La pratique des « baseline », ces bouts de phrases tirés d’articles de presse et goulûment apposés par les producteurs sur les affiches de cinéma est de plus en plus courante. District 9, le dernier Blockbuster produit par Peter Jackson n’échappe pas à la règle et peut-on lire sur les affiches est la « révélation de la rentrée », selon le magazine Première. Mais comment des phrases tirés d’un article de presse peuvent-elles se retrouver ainsi sur une affiche commerciale ? Ou comment les producteurs s’entendent avec les journalistes pour vendre leur film.

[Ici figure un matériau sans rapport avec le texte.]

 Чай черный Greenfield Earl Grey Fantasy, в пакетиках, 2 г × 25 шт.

Alex Masson, journaliste ciné, raconte à Bakchich qu’après la projection presse du film Borat à laquelle il assistait pour le magazine Tracks, il reçoit un coup de fil de l’attaché de presse de la Fox, qui produit le film. « T’as une idée de Baseline ? », « oui, on pourrait mettre ça », « ok, en revanche pour l’affiche on mettra pas Tracks, mais Première. » Plus classe sans doute. Et une bonne manière de duper le spectateur en apposant le label vu et approuvé. L’affiche ne se fera pas, mais l’intention y est. Et « il n’est pas rare, s’insurge un autre journaliste du sérail, que les papiers soient envoyés aux attachés de presse avant même qu’il ne soit publié dans leur propre canard ! » Si le journaliste se montre un peu revêche, la réponse des majors ne tarde pas. Ainsi, alors que les Inrockuptibles avait massacré le film Men In Black, la Columbia, qui produit le blockbuster, reprend pour son affiche le seul mot laudatif de l’article. Las ! Les Inrocks dénoncent la combine dans leurs colonnes.

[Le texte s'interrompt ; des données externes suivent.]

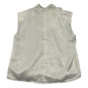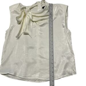 DKNY Women's Blouse Small Satin High Neck Bow Shoulder-Pad Top
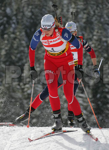 : Linda Tjorhom of Norway skiing during women pursuit race of e.on Ruhrgas IBU Biathlon World cup which was held on Pokljuka, Slovenia on 11.March 2006.
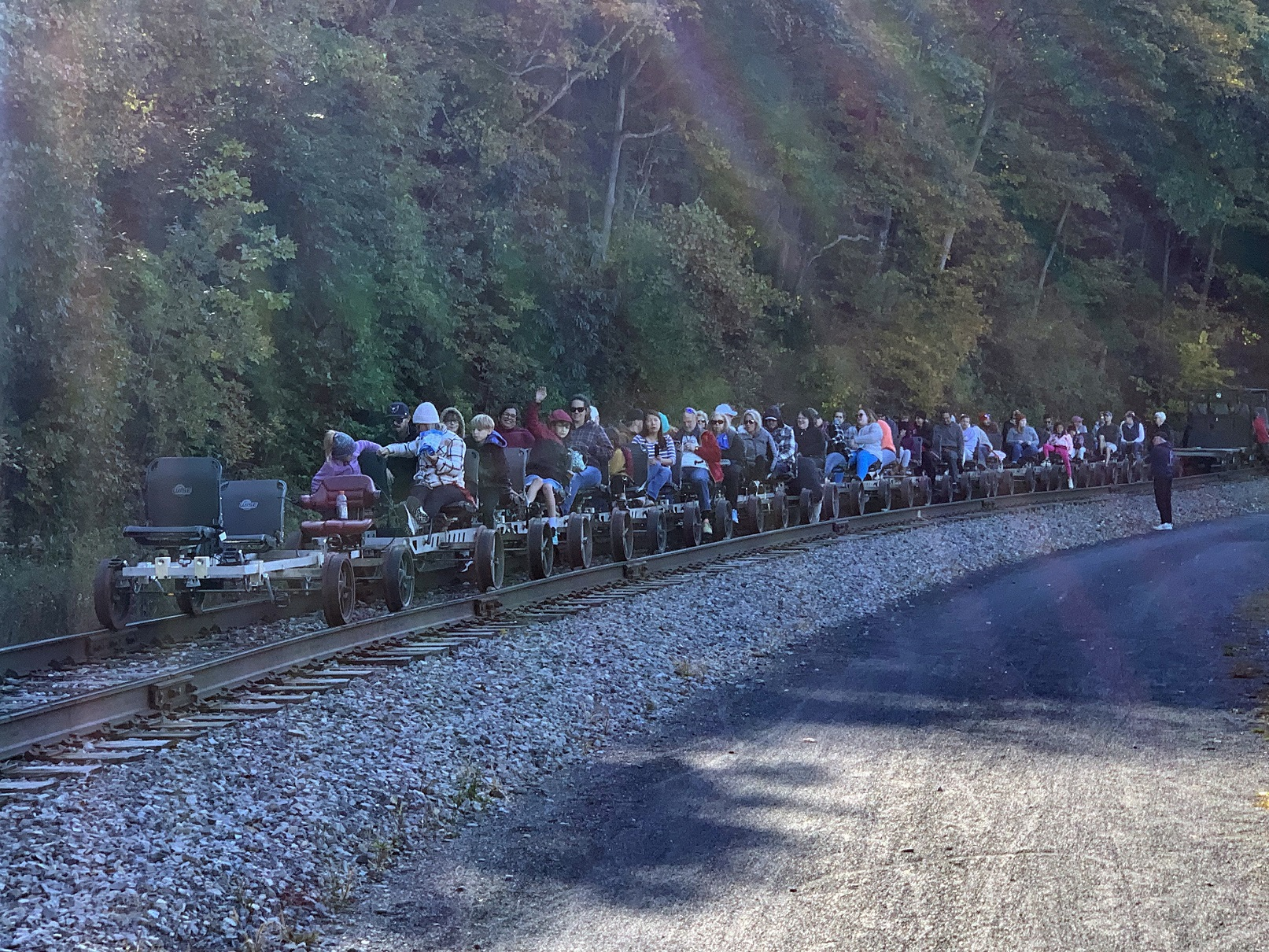 Once at the bottom, the riders get off. All the carts then hook together and the black & red "tender" in pic #1 pulls them back uphill.But what goes downhill has to go up at the bottom...lol Didn't look at the pictures close enough to see any pedals honestly.

Serge Kaganski, le monsieur ciné du journal, se verra privé de projection Columbia pendant un temps. Sony avait fait plus fort encore, en 2005, en inventant de toute pièce un journaliste qui n’écrivait que des articles à la gloire des films produit par Sony. Prise la main dans le sac, l’entreprise avait dû indemniser les spectateurs dupés. Mais, comme l’explique à Bakchich un critique ciné quelque peu désabusé : « Pour les majors de toute façon, les articles de presse ne sont que des places gratuites intégrées à leur plan marketing. Les baseline ne sont que la partie émergée des ententes. Et malheureusement, le poids des majors est bien trop lourds pour lutter. » Ainsi, précise-t-il amère, « la Warner décide, comme autant de bons ou mauvais points distribués aux journalistes, de les inviter ou non aux projections presse. Un article un peu décapant et on atterrit dans la blacklist des communicants. » Tout cela serait grave si les gens lisaient encore les critiques avant d’aller voir les films.